[PATCH] Improve performance of vector code on A15

Thu Feb 21 17:04:12 PST 2013

On Feb 21, 2013, at 11:36 AM, Tim Northover <t.p.northover at gmail.com> wrote:

> From my understanding, the sequence should be:
> 
> (mark defining instruction as ImpDef<imp-def> if it's not already)
> Scratch<def> = VDUP ImpDef, #1; DefReg<imp-use> (, PairedReg<imp-use>)
> ImpDef<def> = VDUP ImpDef, #1; DefReg<imp-use> (, PairedReg<imp-use>)
> ImpDef<def> = VEXT ImpDef, Scratch; DefReg<imp-def> (, PairedReg<imp-def>)
> 
> The other sequences also seem a little iffy, but we can probably sort
> them out together tomorrow if someone confirms I'm not off my rocker
> in this most complex case.

This looks more plausible. Adding <undef> flags on uses makes the verifier shut up, but only by lying to it.

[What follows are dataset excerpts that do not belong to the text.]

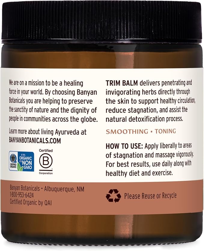 - TRIM BALM IS an invigorating herbal balm made with a blend of warming and penetrating herbs to support you in feeling your best. This organic detox massage balm offers natural support for healthy circulation.
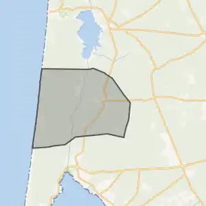Муніципалітет розташований на відстані[2] близько 520 км на південний захід від Парижа, 45 км на захід від Бордо.
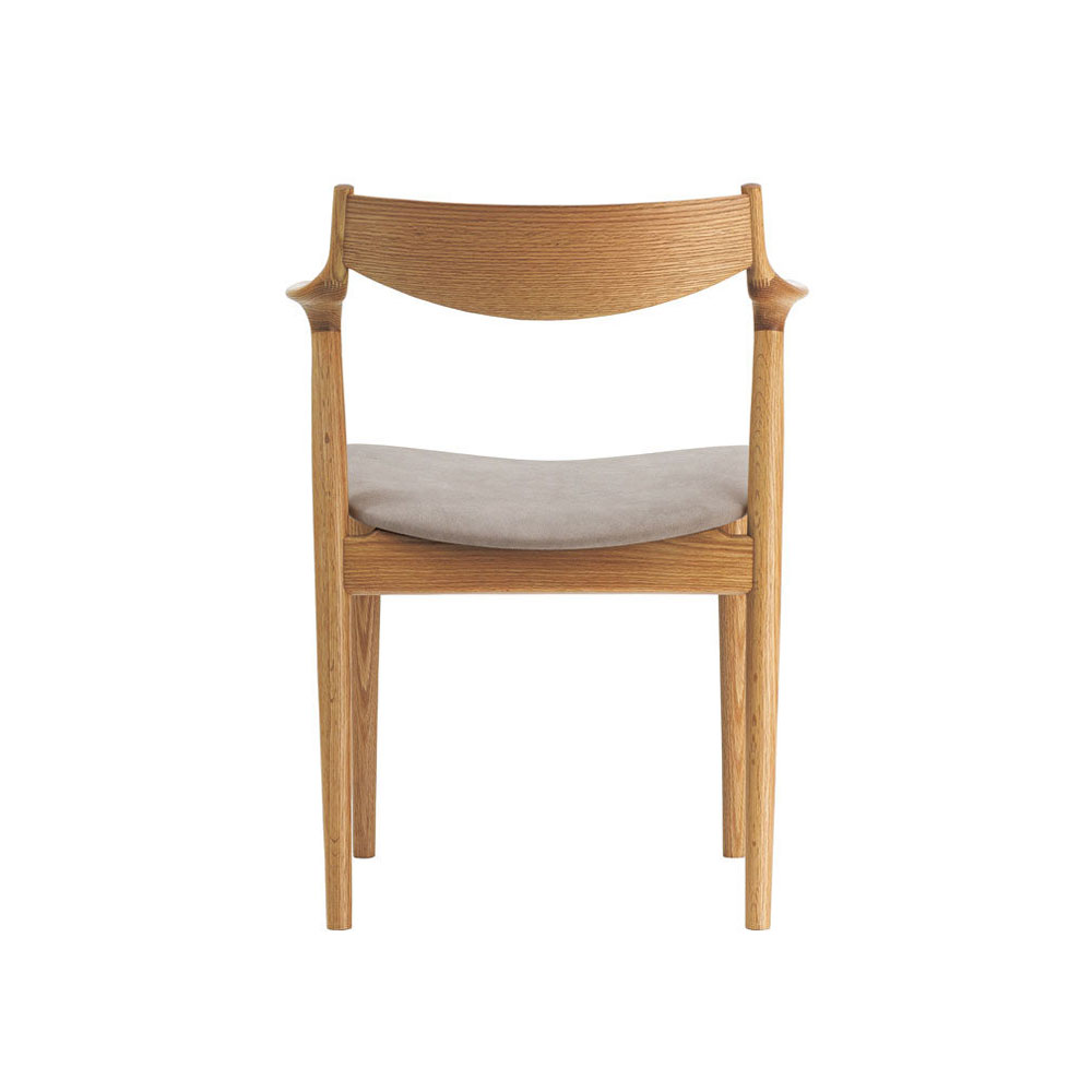 曲木加工を施した背板、複雑な曲面の形成からなる有機的な肘形状など、浜本工芸の職人の高い技術を活かしたクラフトマンシップを感じるダイニングシリーズです。背は一枚板に曲木加工を施しており、背当たりのよい曲線が魅力です。
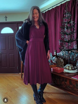 [This review was collected as part of a promotion.] This knit faux wrap midi dress is super comfortable and versatile to style. It is very flowy and can be dressed up or worn casual. The short flutter sleeves are just the right length and so slimming.
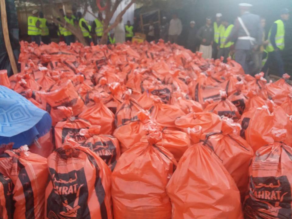 و تداول نشطاء على مواقع التواصل صورا لاكياس المساعدات الغذائية التي كانت سببا في وقوع حادث التدافع بين نحو 800 شخص غالبيتهم نساء، و التي تشمل أساسا الدقيق و الزيت و السكر .
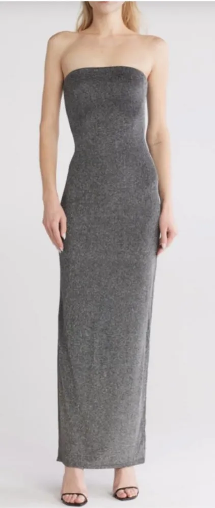 Naked Wardrobe Strapless Lurex Tube‎ Dress Gunmetal Silver 1X - $45 New With Tags - From Nordic

Passes like this are notoriously hard to get right, and it is likely to be a source of many future bugs related to sub-register liveness. It would be much easier to do this transformation before register allocation while the code is still in SSA form.

I would actually like to get rid of all the implicit operands that are currently added by the register allocator, and instead revert to a more conservative liveness model for post-RA passes. The extra complexity added by the implicit operands don't buy us a lot, and it is just too hard to work with the post-RA code as it looks now.

The conservative liveness model would only require that some part of a used register is live, the current model requires that the full register is live, which is why all the implicit operands are needed.

James, could this pass work as a preRegAlloc pass instead? Or could it even be part of isel?

X86 has the same problems with its 8-bit sub-registers, and we simply avoid generating code that uses 16-bit registers after writing the 8-bit sub-registers.

/jakob